Al crecer, vamos adoptando más responsabilidades, proyectos y metas. Ese ritmo se intensifica al entrar a la universidad: pasamos de un entorno seguro y predecible (el colegio, los amigos, la rutina) a un espacio donde todo es nuevo, exigente y competitivo. Y en ese cambio, casi sin notarlo, dejamos de mirarnos hacia dentro para concentrarnos solo en avanzar.
Es en este escenario de crecimiento donde volcamos toda nuestra energía, mente y corazón. Ese esfuerzo refleja hambre, determinación, la ambición legítima de construir un futuro. Pero al concentrarnos tanto en escalar la montaña de nuestras aspiraciones, la montaña termina absorbiéndonos. Cada paso se vuelve una obligación, cada logro una métrica, y cuando intentamos reconocernos, todo lo que vemos es la pendiente que aún falta por subir.

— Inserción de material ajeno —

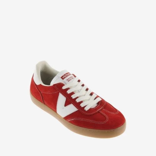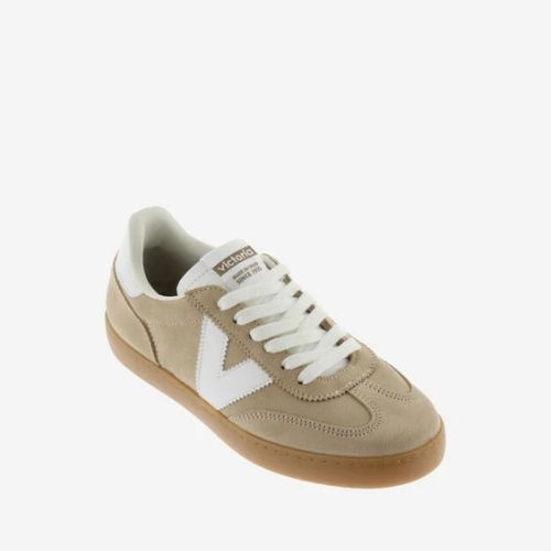 Unisex trainers made in Spain from multicoloured suede. Contrasting white side Victoria "V" and heel panel. White lace-up fastening and contrast stitching. Translucent caramel-coloured T.R. sole.

Entonces surge una pregunta: cuando alguien dice algo sobre nosotros (una virtud, un cambio, una nueva actitud), ¿realmente lo reconocemos? ¿O nos damos cuenta de que nunca lo habíamos notado? Es como si los demás estuvieran más atentos a nuestra evolución que nosotros mismos. Y ahí radica el verdadero valor de estar presente: no en detener el progreso, sino en acompañarlo con conciencia.
A veces esa desconexión se nota en los pequeños momentos: escuchamos canciones que antes nos conmovían y ya no nos mueven igual, o nos encontramos con amistades pasadas que nos dicen que hemos cambiado, y no sabemos si lo dicen con admiración o nostalgia. En ese instante entendemos que no nos parecemos en nada a quienes solíamos ser. Y la pregunta inevitable aparece: ¿quién es el “yo” que dejamos atrás? (Porque para saber quiénes somos hoy, primero hay que atrevernos a mirar quiénes fuimos).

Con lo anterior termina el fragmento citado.